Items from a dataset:
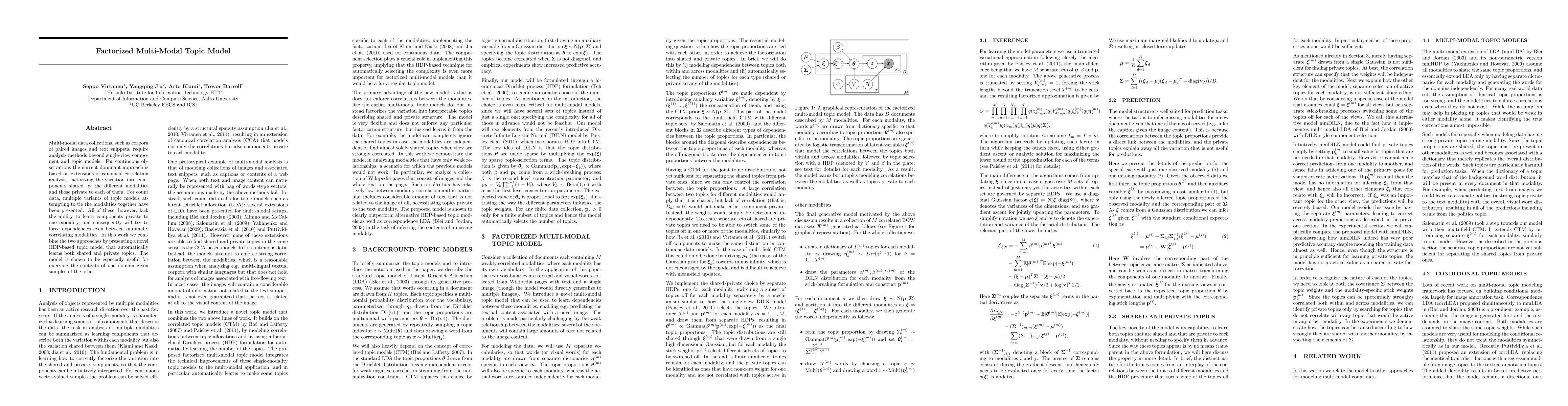 This paper introduces a novel factorized multi-modal topic model that combines shared and private topic learning for continuous and count data. It effectively analyzes paired data like images and text, enabling better querying across modalities.
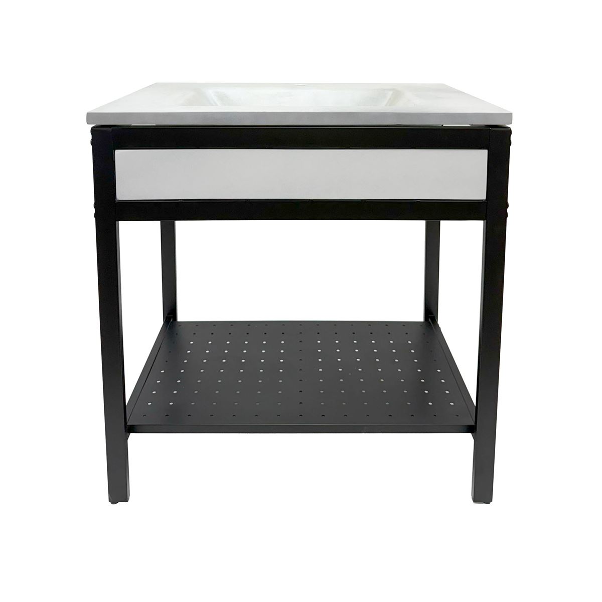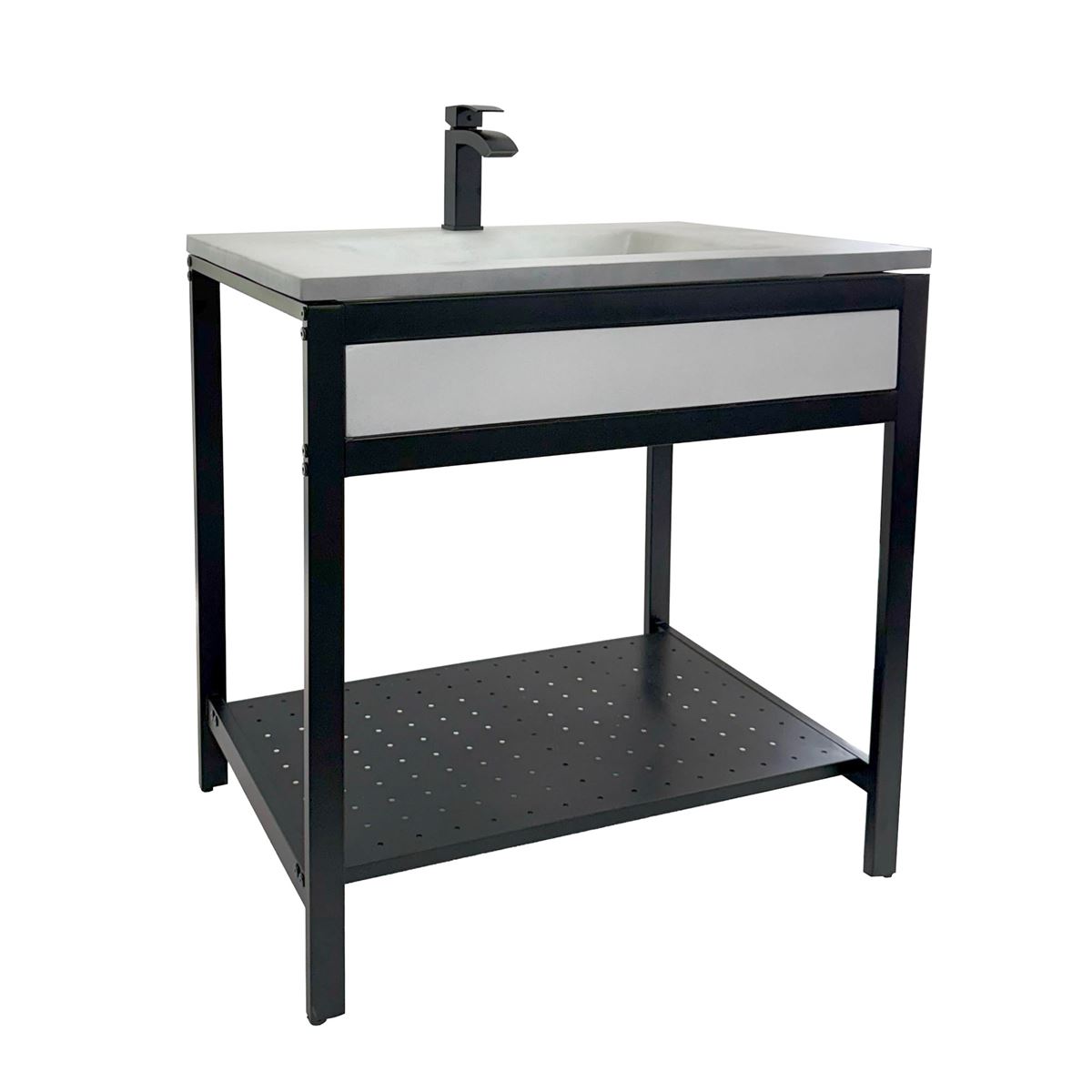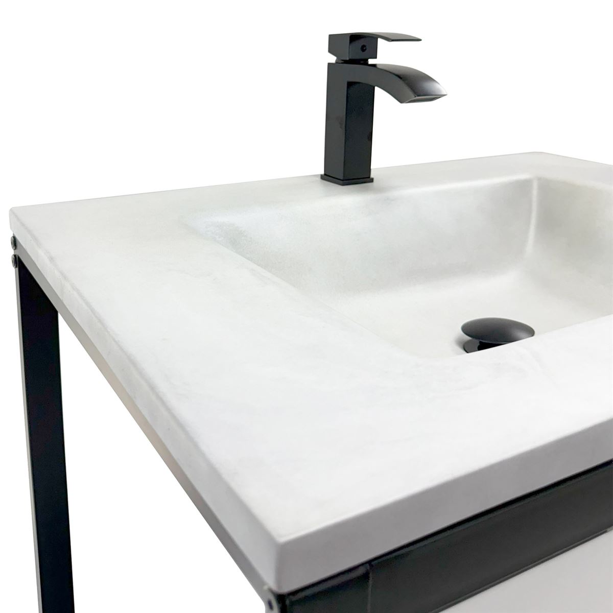 Elevate your space with this metal framed bathroom vanity featuring a sleek and unique concrete sinktop. The matte black metal frame provides a modern, industrial edge while ensuring durability and stability for daily use. With a large open bottom shelf for easy storage, this vanity combines practicality and style, keeping your bathroom organized and clutter-free. The matching concrete front piece complements the sinktop, which gives a visually cohesive look. This vanity is incredibly durable, easy to clean, and low-maintenance. Designed to enhance your space, this vanity seamlessly blends functionality with beauty, making it the perfect addition to any modern bathroom.
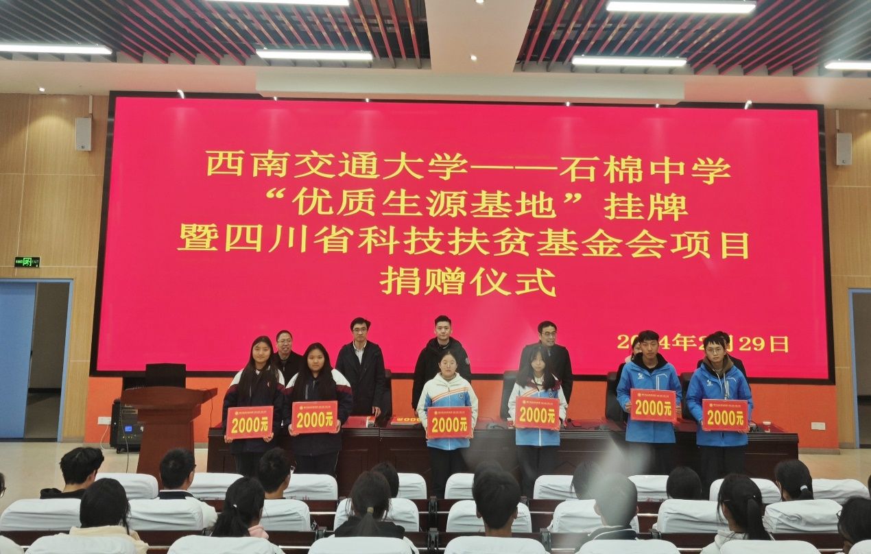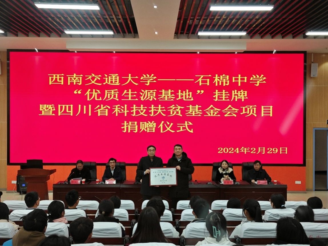 为石棉县中学授牌“优质生源基地”,四川省科技扶贫基金会为石棉中学的50名高中生捐赠10万元“寒门学子大学梦”项目助学金,黄新河副教授以《选择最重要》为题为石棉中学200余名高中学子开展专题报告,91视频
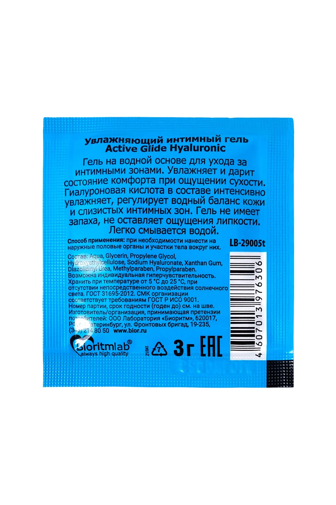 Нежный гель-любрикант на водной основе Active Glide с гиалуроновой кислотой интенсивно и длительно увлажняет и смягчает интимные зоны, устраняет сухость влагалища, восполняет недостаток женской смазки, дарит приятное продолжительное скольжение во время близости, снимает раздражения, препятствует появлению микротравм. Входящая в состав любриканта гиалуроновая кислота нормализует водный баланс клеток, способствует регенерации кожи и слизистых, обеспечивает эластичность тканей половых органов. снижает чувствительность кожи, усиливает её защитные функции. Гель-любрикант Active Glide с гиалуроновой кислотой обеспечивает бережный уход за интимными зонами женщин и мужчин. Не имеет цвета и запаха, легко смывается водой.
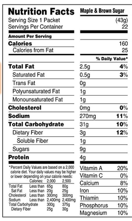 Label quaker instant oatmeal nutrition facts. Check spelling or type a new query. Maybe you would like to learn more about one of these? We did not find results for:
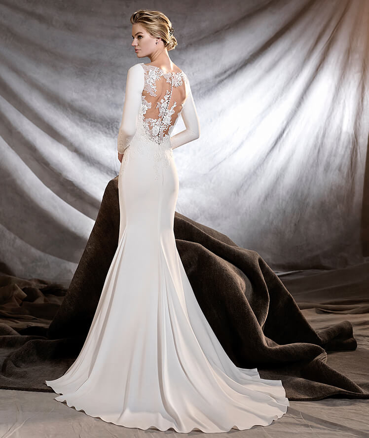 Elegant and refined, this fitted wedding dress is a perfect blend of modern simplicity and timeless romance. The sleek crepe fabric drapes beautifully, enhancing the gown’s figure-hugging silhouette with a soft, flowing effect. Long sleeves add sophistication, while the open back, adorned with delicate lace embroidery, creates a breathtaking focal point.

→ **ASSIGNMENT**
Return each record exactly as given, excluding any image.

→ **ANSWER BOX**
 This paper introduces a novel factorized multi-modal topic model that combines shared and private topic learning for continuous and count data. It effectively analyzes paired data like images and text, enabling better querying across modalities.
 Elevate your space with this metal framed bathroom vanity featuring a sleek and unique concrete sinktop. The matte black metal frame provides a modern, industrial edge while ensuring durability and stability for daily use. With a large open bottom shelf for easy storage, this vanity combines practicality and style, keeping your bathroom organized and clutter-free. The matching concrete front piece complements the sinktop, which gives a visually cohesive look. This vanity is incredibly durable, easy to clean, and low-maintenance. Designed to enhance your space, this vanity seamlessly blends functionality with beauty, making it the perfect addition to any modern bathroom.
 为石棉县中学授牌“优质生源基地”,四川省科技扶贫基金会为石棉中学的50名高中生捐赠10万元“寒门学子大学梦”项目助学金,黄新河副教授以《选择最重要》为题为石棉中学200余名高中学子开展专题报告,91视频
 Нежный гель-любрикант на водной основе Active Glide с гиалуроновой кислотой интенсивно и длительно увлажняет и смягчает интимные зоны, устраняет сухость влагалища, восполняет недостаток женской смазки, дарит приятное продолжительное скольжение во время близости, снимает раздражения, препятствует появлению микротравм. Входящая в состав любриканта гиалуроновая кислота нормализует водный баланс клеток, способствует регенерации кожи и слизистых, обеспечивает эластичность тканей половых органов. снижает чувствительность кожи, усиливает её защитные функции. Гель-любрикант Active Glide с гиалуроновой кислотой обеспечивает бережный уход за интимными зонами женщин и мужчин. Не имеет цвета и запаха, легко смывается водой.
 Label quaker instant oatmeal nutrition facts. Check spelling or type a new query. Maybe you would like to learn more about one of these? We did not find results for:
 Elegant and refined, this fitted wedding dress is a perfect blend of modern simplicity and timeless romance. The sleek crepe fabric drapes beautifully, enhancing the gown’s figure-hugging silhouette with a soft, flowing effect. Long sleeves add sophistication, while the open back, adorned with delicate lace embroidery, creates a breathtaking focal point.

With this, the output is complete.